Cystic fibrosis (CF) is one of the most common genetic diseases, affecting approximately 40,000 people in the US and over 100,000 worldwide. Despite its relative frequency, many have not heard about the newest treatments for CF that target the genetic basis of the condition. In honor of CF Awareness Month (celebrated each May), we present an overview of CF, its history, and how it serves as an example of the promise of genetic medicine.
What is Cystic Fibrosis?
CF is a progressive condition that most particularly affects the lungs and pancreas. CF presentation can vary greatly among patients, but typical pulmonary issues include persistent cough, chronic lung infections, and wheezing/shortness of breath. Common pancreatic symptoms include insufficiency, malnutrition, and recurrent pancreatitis. A unique feature of CF is a specific form of male infertility caused by the absence of the sperm canals known as congenital bilateral absence of the vas deferens (CBAVD), which affects ~98% of men with CF.1
History of Cystic Fibrosis
CF was first described in 1938; at that time, most patients died before their first birthday. In 2018, The United States CF Registry reported that the estimated median survival for CF patients was 47.4 years, and approximately 55% of CF patients were at least 18 years old. Lifespan of CF patients has increased over the last few decades due to the establishment of specialized CF centers, better control of pulmonary infections, the use of pancreatic enzymes for nutritional support, and lung transplantation.2
A significant milestone occurred in 1989 when the causative gene, known as CFTR, was discovered. CFTR encodes for an ion channel, which regulates the passage of salt and water ions across cell membranes to maintain proper fluid balance within cells. Different CFTR variants cause different problems with ion channel production, processing, or function. Variants are broadly assigned to one of 6 classes based on what type of problem with the channel each one causes—though the effects of some variants overlap multiple classes. The discovery of CFTR, along with subsequent research that has identified over 2000 different variants in the gene, clarified the mechanisms underlying CF disease, allowed for implementation of effective CF carrier screening and newborn screening protocols, explained some of the observed symptom variability between patients, and most recently paved the way for groundbreaking new treatments.
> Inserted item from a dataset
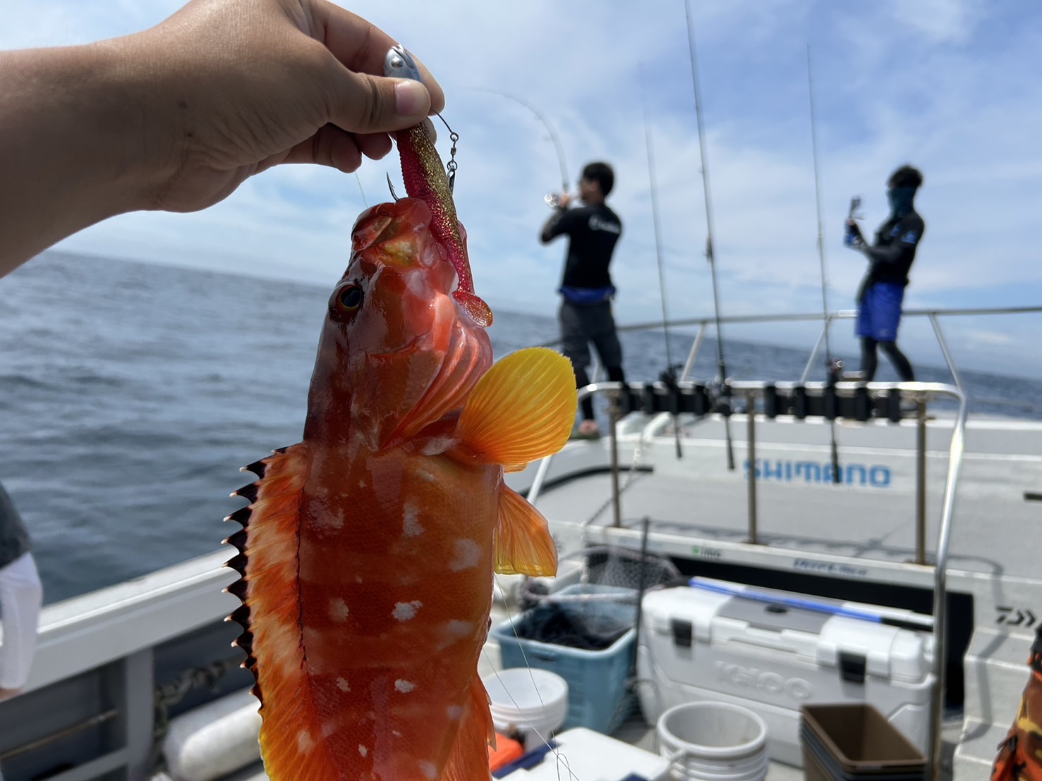 チャーター便ということでタイラバをしたりワームでスイミングゲームをしたりいろんな釣り方で楽しめることができました。

In the past ten years revolutionary drugs (known as CFTR modulators) that are prescribed based on a patient’s genotype (the specific CFTR variants that the patient carries) have become available.2 The first modulator (ivacaftor) was approved for clinical use in 2012 in patients with at least 1 copy of a specific variant. In the decade since ivacaftor’s release, it has been approved for use in patients with additional variants from 2 of the 6 classes. Since 2015, 3 additional modulators (lumacaftor, tezacaftor, elexacaftor) have been approved for use in various combinations with ivacaftor. Combination therapy has allowed for treatment of patients who carry specific variants within a third class. Currently, 90% of CF patients are eligible for a modulator therapy based on their genotype.3
In the relatively short time that modulator therapies have been available, outcome data has been mixed. Some positive effects have been established, including improvement of respiratory symptoms/lung function, weight gain, and generally improved quality of life. However, some significant effects of CF appear unaffected by modulator use, including previously established chronic lung infections and male infertility. Adverse effects have also been experienced (some severe enough to lead to discontinuation of treatment), including hypertension, elevated liver function tests, and possibly increased anxiety and depression. Continued follow-up is needed to establish the impact of these drugs on additional symptoms of CF, and to determine whether the observed benefits of treatment are sustained with long-term use. Additionally, research is needed to assess the long-term safety of these drugs in children, as well as their use in pregnant and breastfeeding women.4
Future of Cystic Fibrosis
In the 85 years since CF was first described, great progress has been made in understanding and treating this condition. But there is more work to be done. Research and clinical trials continue to develop drugs that may benefit the 10% of patients who are ineligible for modulator therapy, alongside efforts to bring improved modulators to all patients. Research is also ongoing into potentially curative gene therapies, exploring technologies that may enable the repair or replacement of malfunctioning CFTR instructions inside of cells. Equally as important as the development of technological breakthroughs, equitable access to current treatment needs to be addressed. Modulator therapies are extremely expensive (with US list prices of approximately $300,000/year), and therefore unavailable to many patients throughout the world.3
Quest Diagnostics offers a comprehensive genetic testing menu to address CF carrier screening and diagnosis. For more information on these options, please refer to our Test Directory or call 866.436.3463 to consult with a Quest Diagnostics genetic counselor.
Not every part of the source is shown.